--- What this task involves ---
Starting at the line with "2 piezas de", retype every remaining line of the records exactly. Do not include pictures.

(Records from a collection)
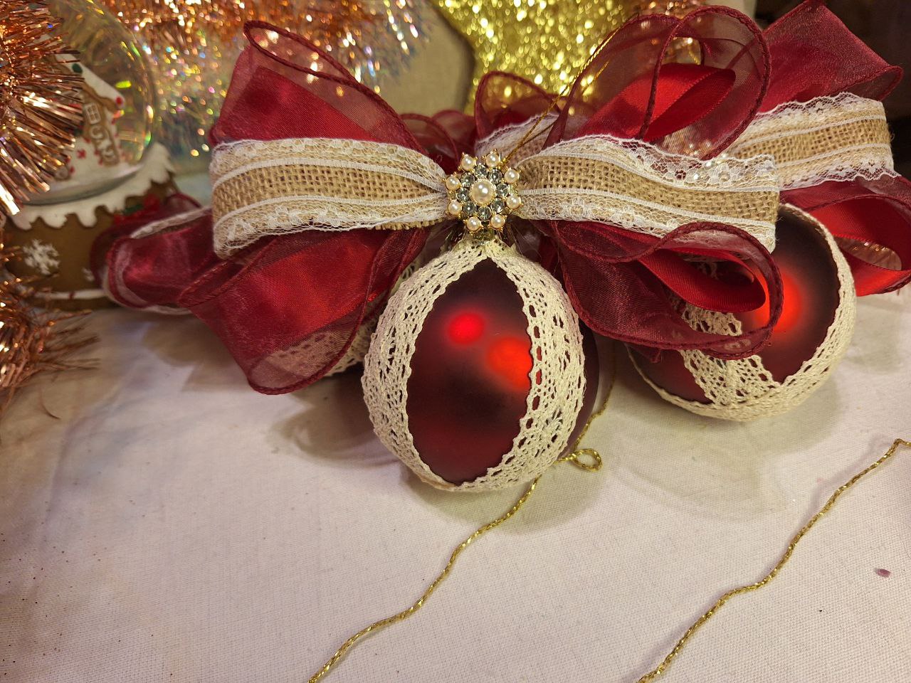 Набор «Деревенское Рождество» – 4 рождественских шара ручной работы с кружевом и натуральной лентой | Красный | 9 см
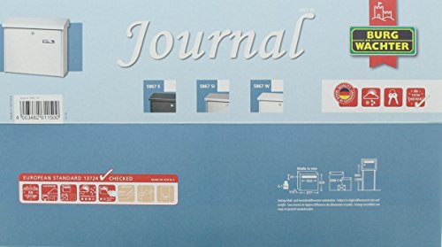 Specification: Burg-Wächter brievenbus, A4 inworp-formaat, EU-norm EN 13724, incl. 2 sleutels, verzinkt staal, Journal 5867 W, wit
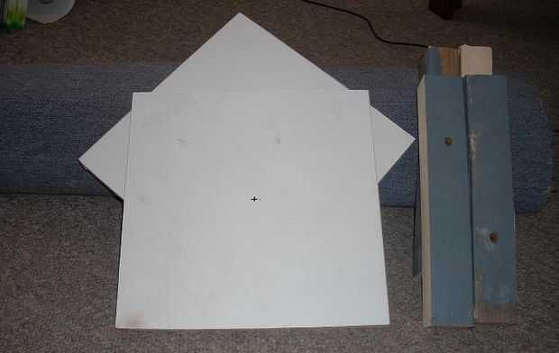 2 piezas de madera de 1/4" a 1/2" de grosor cortan en 1 pie por 1 pie cuadrados (tapa y base de la torre)
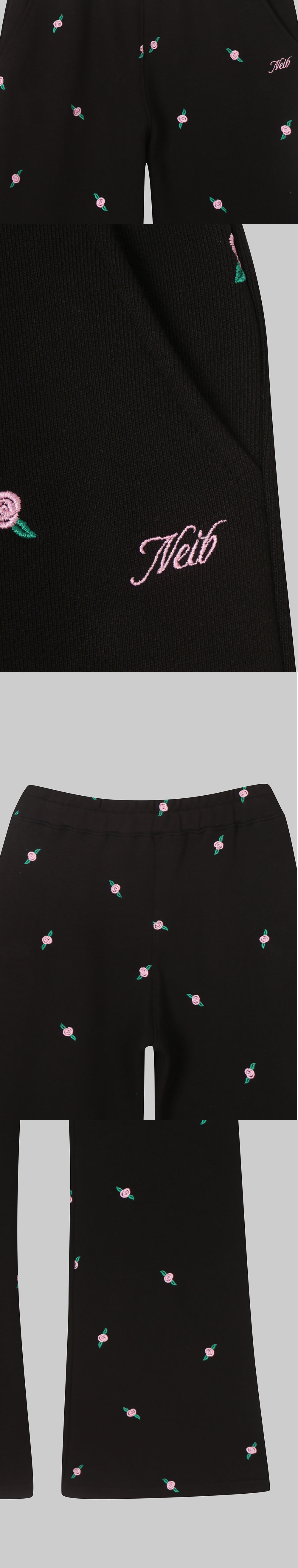 -오직 '네이비'에서만 만나보실 수 있는 자체 개발 자수 스웻팬츠. -Neib네이비의 시그니처 로즈 자수 패브릭 생산. -탄탄한 바이오워싱 코튼(트레이닝 져지) 소재 사용.(얇지않음) -무난한 블랙 베이스 컬러에 어울리는 무드의 자수 컬러. -Neib로고 자수. -허리 스트링 없음,뒤포켓 없음. -슬림해보이는 레그라인을 돋보이도록 부츠컷 디자인. -루즈한 실루엣으로 총장 102cm. -FREE사이즈. -디테일컷이 실제컬러와 유사합니다.AE13
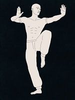 Minimalistische tekening van een Kung Fu vechter op een donkergrijze achtergrond.
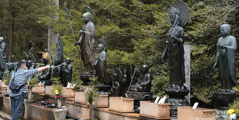 Plus loin, j'arrive à la salle des offrandes de Gokusho, où sont alignés des statues dédiées à Jizo, bodhisattva populaire veillant sur les enfants, les voyageurs et les âmes des défunts. Les visiteurs et pèlerins peuvent y effectuent des offrandes et y verser de l'eau sur les statues, pour de prier pour les membres de leur famille disparus.
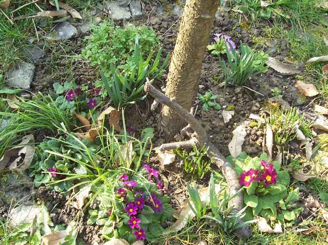 Da habe ich unter der Sauerkirsche ein Beet mit Primeln gehabt, jetzt muß es sich wieder neu aufbauen. Die Narzissen hatte der Winter 2012 auch dahin gerafft.
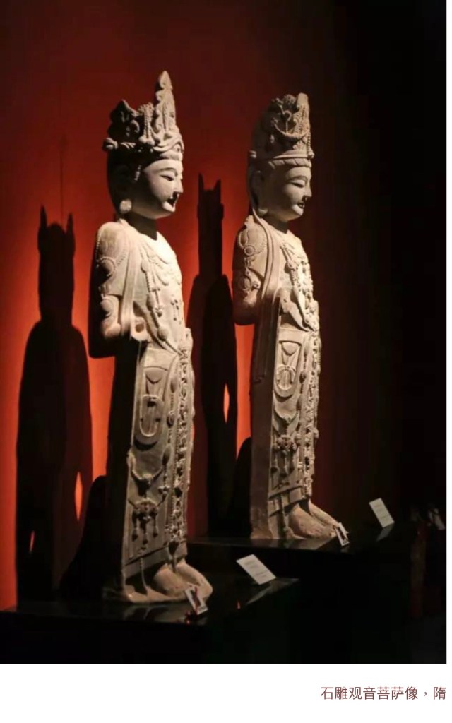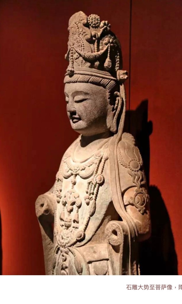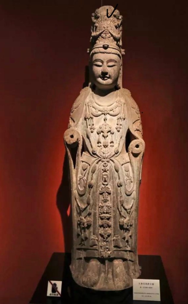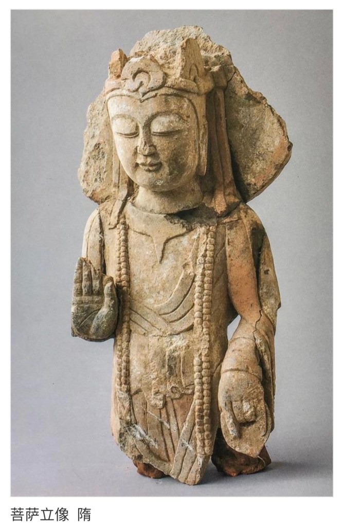 隋的菩薩,服飾變得華麗,頭巾和項鏈嵌着鬟石般的裝飾,珠鏈從肩上垂下,間隔地掛着飾物,抵到膝部以下。
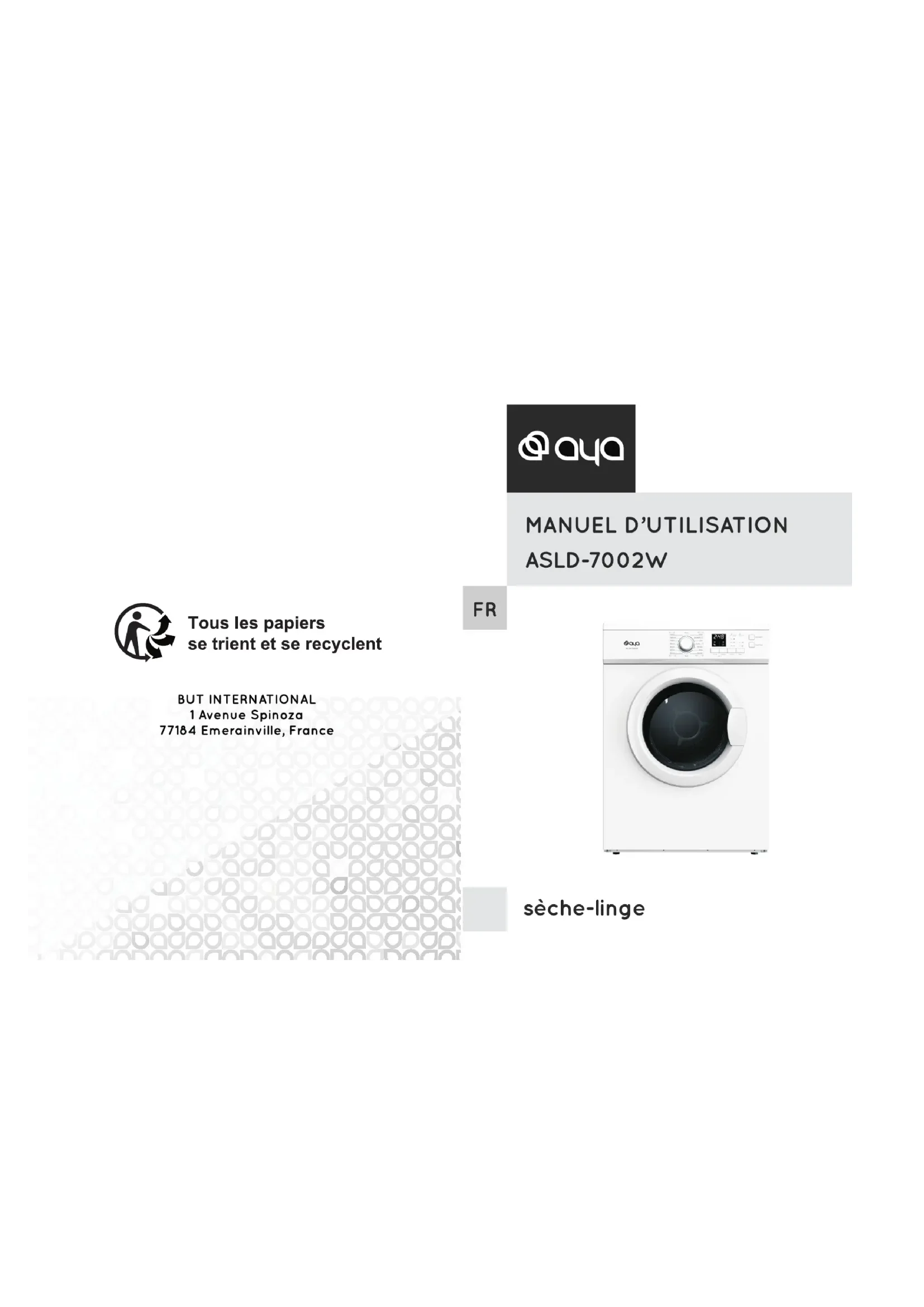 ASLD7002W - Seche linge AYA - Notice d'utilisation et mode d'emploi gratuit
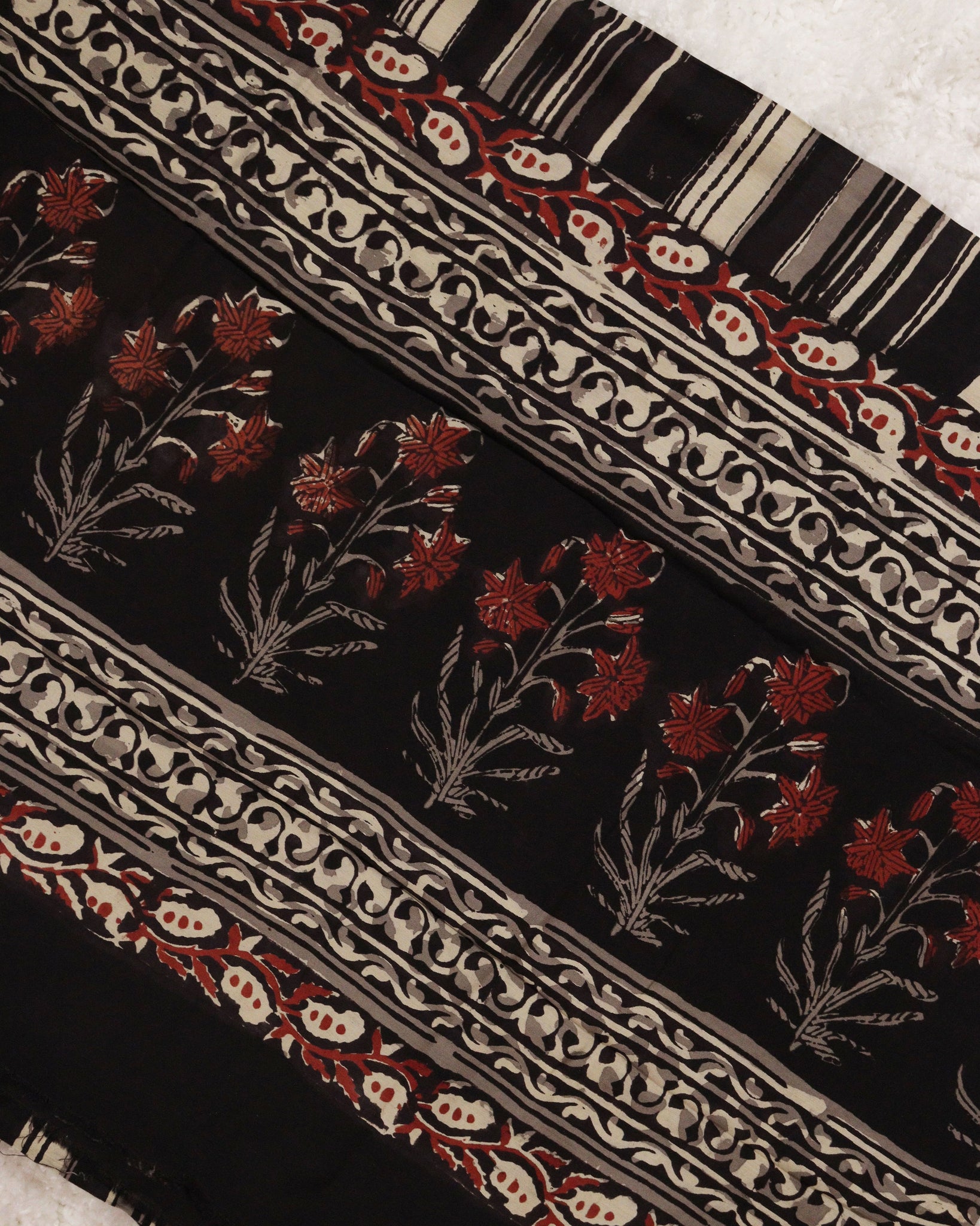 Dupatta: modal muslin silk fabric with allover strip and floral block print. length:2.25mtr.

--- Written response ---
 2 piezas de madera de 1/4" a 1/2" de grosor cortan en 1 pie por 1 pie cuadrados (tapa y base de la torre)
 -오직 '네이비'에서만 만나보실 수 있는 자체 개발 자수 스웻팬츠. -Neib네이비의 시그니처 로즈 자수 패브릭 생산. -탄탄한 바이오워싱 코튼(트레이닝 져지) 소재 사용.(얇지않음) -무난한 블랙 베이스 컬러에 어울리는 무드의 자수 컬러. -Neib로고 자수. -허리 스트링 없음,뒤포켓 없음. -슬림해보이는 레그라인을 돋보이도록 부츠컷 디자인. -루즈한 실루엣으로 총장 102cm. -FREE사이즈. -디테일컷이 실제컬러와 유사합니다.AE13
 Minimalistische tekening van een Kung Fu vechter op een donkergrijze achtergrond.
 Plus loin, j'arrive à la salle des offrandes de Gokusho, où sont alignés des statues dédiées à Jizo, bodhisattva populaire veillant sur les enfants, les voyageurs et les âmes des défunts. Les visiteurs et pèlerins peuvent y effectuent des offrandes et y verser de l'eau sur les statues, pour de prier pour les membres de leur famille disparus.
 Da habe ich unter der Sauerkirsche ein Beet mit Primeln gehabt, jetzt muß es sich wieder neu aufbauen. Die Narzissen hatte der Winter 2012 auch dahin gerafft.
 隋的菩薩,服飾變得華麗,頭巾和項鏈嵌着鬟石般的裝飾,珠鏈從肩上垂下,間隔地掛着飾物,抵到膝部以下。
 ASLD7002W - Seche linge AYA - Notice d'utilisation et mode d'emploi gratuit
 Dupatta: modal muslin silk fabric with allover strip and floral block print. length:2.25mtr.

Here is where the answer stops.